Zira geçmişten de iyi biliriz ki, siyasi cinayetler bir toplumu karıştırmak ve tarafları kışkırtmak için başvurulan çok kötü bir yoldur. Faturası ise her daim iktidara çıkarılmıştır.
O halde, iktidarın şimdiden çok dikkatli olması ve etkili tedbirler alması gerekiyor.
Ve şimdiden muhalefete mensup politikacılarımız için etkili koruma tedbirleri alınması lâzımdır.
İşe bir düzeltme ile başlanabilir.
“Bu daha iyi günleriniz, görün bakın daha neler olacak” sözünün sahibi ile bu söze alkış tutanların halkı rahatlatacak düzeltici beyanlarda bulunmaları elzem üstü elzemdir. Tehdidin muhataplarını rahatsız eden bu sözler karşısında iktidara düşen böylesine kaçınılmaz bir görev vardır.
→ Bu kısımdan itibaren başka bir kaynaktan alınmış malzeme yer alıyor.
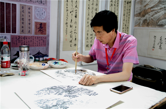 甘肅畫家盧旭東正在展會(huì)中心書畫展區(qū)創(chuàng)作國畫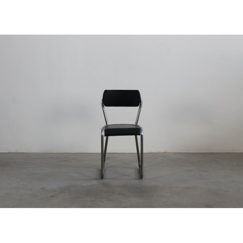This is a rare office chair featuring a metal frame and a seat and back upholstered in black leather, it was designed for the offices of the Palazzo Montecatini in Milan.The design of this chair is attributed to the Italian master Gio Ponti, who, in 1935,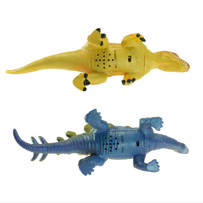 Le citazioni sono le sequenze originali della serie! Entrambi i dinosauri hanno un interruttore che può essere utilizzato per spegnere il suono in modo permanente. Le batterie integrate durano molto a lungo, più a lungo di quanto la maggior parte delle lucertole abbia popolato la terra e sicuramente più a lungo di quanto non facciano i dinosauri. Lucciola. Questo significa più di 500 battaglie in ogni caso ;)

İçişleri Bakanlığı’nın da bu yönde bir açıklamada bulunması beklenir.
Siyasi cinayetlere başvurmak, çılgınlık ötesi bir çılgınlıktır. Böylesi bir çılgınlığın altında kalanlar toplum vicdanında yargılanmaktan kurtulamazlar. Eski tabirle, herkesi “teenni” içinde olmaya çağırıyoruz.
Suriye’de ABD tarafından bir Kürt devletinin kurdurulması teşebbüslerine karşı Dış politikamızın tepkisiz kalması ise anlaşılır şey değildir. Bu tepkiyi iktidar ortaya koymalı, muhalefet de tepkiyi destekleyecek beyanlarla iktidara eşlik etmelidir.
Güneyimizde bir Kürt devletinin kurulması demek, Güneydoğu bölgemizin üzerindeki emelleri artıracaktır. Bu tehlikeyi görmezden gelemeyiz. Herkes üzerine düşen görevi yapmalı halk deyimiyle bu gidişe karşı kıyamet koparılmalıdır.
Türkiye, büyük bir ülkedir, sesinin de bu büyüklüğe paralel olarak en üst volümle ortaya konulması gerekir.
İçte ve dışta bizi bekleyen tehlikeleri bertaraf etmek, başta siyaset olmak üzere hepimizin görevidir. Milli menfaatlerimizi başkalarına peşkeş çekme teşebbüsleri her nereden gelirse gelsin, onlara karşı en sert şekilde mevzi almak durumundayız.
Gün, gücümüzü dosta ve düşmana gösterme zamanıdır.